One
More Jar of Jam. By Michelle
Sumovich. Illustrated by Gracey Zhang. Dial. $18.99.
Love and loss are inextricably intermingled in One More Jar of Jam, and both are served with a leavening of hope –
all in all, the recipe for a sweet book that affirms nature and family in equal
measure. It starts as a celebration of a seven-year-old girl’s relationship
with the mulberry tree behind her family’s house, with Michelle Sumovich
telling the story in poetic prose that affirms nature and childhood alike:
“there’s nowhere sweeter to sit/ than on branches, heavy with warm berries,”
and, when those branches are fruit-laden, it is wonderful to shake them “until
swollen fruit falls corner to corner/ on an old sheet, freckled with berry
juice.” The tale continues as the girl’s father makes dozens of jars of
mulberry jam for the family, for Grandma, “to sweeten neighbors’ bread,” and to
indulge in for the sheer pleasure of enjoying Nature’s bounty.

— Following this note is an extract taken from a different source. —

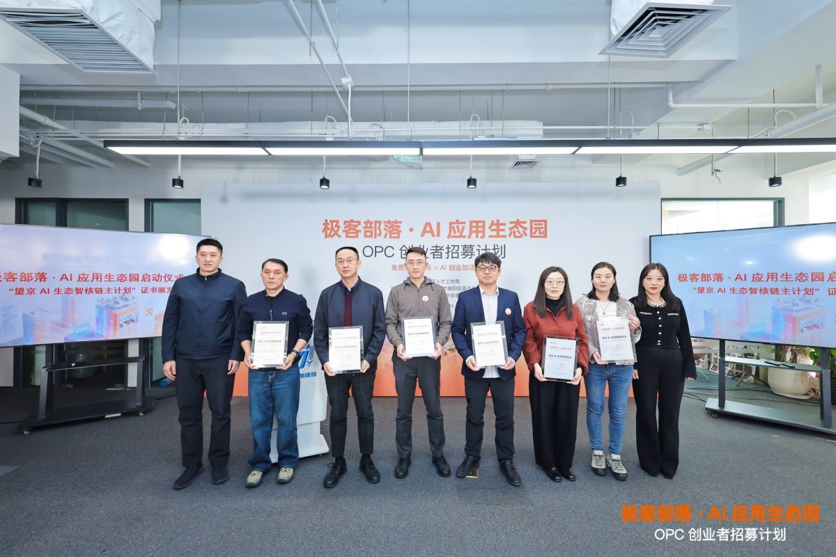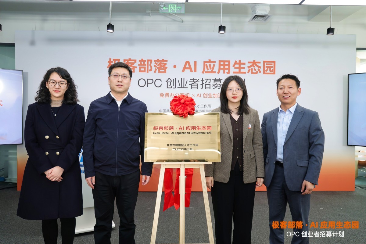 3 月 20 日下午,由北京市朝陽區人才工作局、中國共產主義青年團北京市朝陽區委員會、北京市朝陽區人民政府望京街道辦事處聯合指導,北京極客邦科技有限公司主辦的“極客部落AI應用生態園· OPC 創業者招募計劃”開放日活動,在望京街道聯絡大廈新質生產力加速器舉行。

Then Sumovich darkens the story, and Gracey Zhang’s illustrations use a
dimmer palette as well: this is a rural area where you can “hear the far-off
coyote howl” and where strong storms sweep through in the night – one of them
being powerful enough to shatter an old fruit tree and leave it “broken and
cracked and done.” Now the sadness is as palpable as was the earlier enjoyment,
with “summer [that] is fruitless and dry as toast,” and Sumovich and Zhang
undertake the difficult task of helping young readers come to grips with this
small tragedy – which does not seem small at all – and find ways to cope and
move on, as the little girl at the center of the story finds she must do.
After several dull treeless seasons pass, the girl and her dad and their
dog sit on the tree stump – “you’ll gather/ those who miss it most” – and they
“celebrate things/ that can no longer celebrate themselves.” And so the healing
begins, with “flowers and a little cake” to affirm that “it’s enough/ just to
grow,” and with the girl marking the tree ring for the year she was born (which
is how readers learn that she is seven years old).
And then Nature shows its
power of revival: “suddenly silent, shiny leaves burst” from the stump and
growth begins anew, as the book ends with the excited little girl happily
waiting for, as the title clearly indicates, “one more jar of jam.”

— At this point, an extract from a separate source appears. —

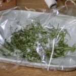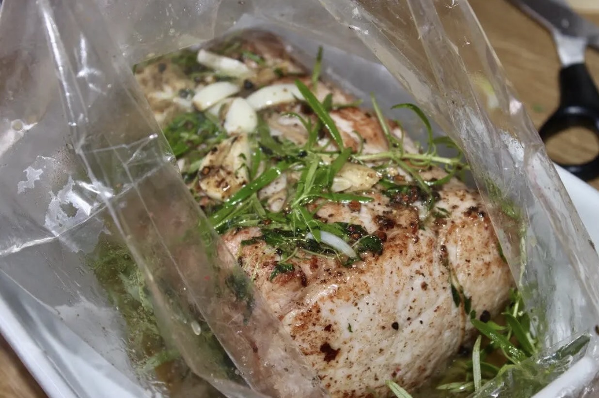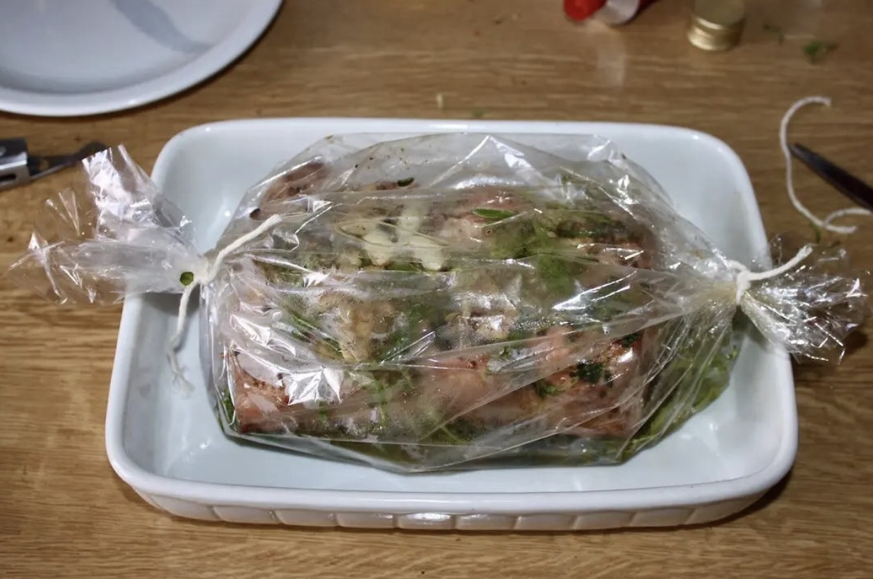 Przygotowanie rękawa: W naczyniu żaroodpornym rozłóż rękaw spożywczy i umieść w nim gałązki rozmarynu i tymianku. Przełóż obsmażone mięso na zioła.

This is a sensitive, perhaps slightly cloying story of simple pleasures
enjoyed, lost, and then regained – or expected to be regained. It does,
however, have a couple of small missteps of which caring parents should be
aware. The anticipatory ending is one of those: never is there a sense of how
long it would take a mulberry tree to regrow from a stump, or how long after
the initial growth the tree would bear fruit. That would actually make a good
story in itself, showing the tree serving one generation, falling in a storm,
and then eventually growing to serve the now-grown little girl’s own children
or grandchildren. But that is not this
story. And although the final page is nicely filled with pleasant anticipation
of more jam, parents may need to explain gently to young children that trees
take a long time to grow and an even
longer one to bear fruit, so the seven-year-old in this book will be a great
deal older when the tree again has mulberries – and will not necessarily be
living in the same house or anywhere near it. That is a colder dose of real
life than Sumovich and Zhang wish to offer, and it is understandable that they
do not provide it. But real-world children who do not know just how Nature
renews itself deserve to be informed – again, the watchword is “gently” – that the
lovely conclusion of One More Jar of Jam
is less than realistic.
Also less than realistic, and perhaps a small misstep for some readers, is the book’s now-common virtue signaling: the girl protagonist is interracial, with a white father and black Grandma (there is no sign of her mother). In the real world, blacks make up 12.1% of the U.S. population, according to BlackDemographics.com, using U.S. Census Bureau data; and among married black women, 93% have a black husband and 4% have a white spouse. So the family composition here is very, very unlikely to represent the arrangement in the homes of most of the intended readers. There is nothing wrong with that at all: the intent is surely to advance tolerance and the universality of the book’s message, and nobody says that books can or should show only families resembling those of the children at whom the books are targeted. However, in books designed to provide emotionally driven teachable moments, anything that distracts young readers risks getting in the way of the intended lesson. Adults will know that the family structure here is highly unusual and will likely consider it irrelevant – but since it is in no way dictated by the needs of the story, it stands out as an assertion of values beyond those of the book’s central message of love, loss, change, grief, and eventual acceptance and hope. Those are topics quite big enough on their own without adding further societal elements to them. And those elements may indeed be insignificant for some children and some families. In case they are not, though, parents attracted by the very moving elements of One More Jar of Jam should be ready to answer children’s questions about the book’s characters, and prepared to find ways – consistent with their own family values – to redirect young children’s attention to the foundational message of the book and the warmth and sensitivity with which Sumovich and Zhang deliver it.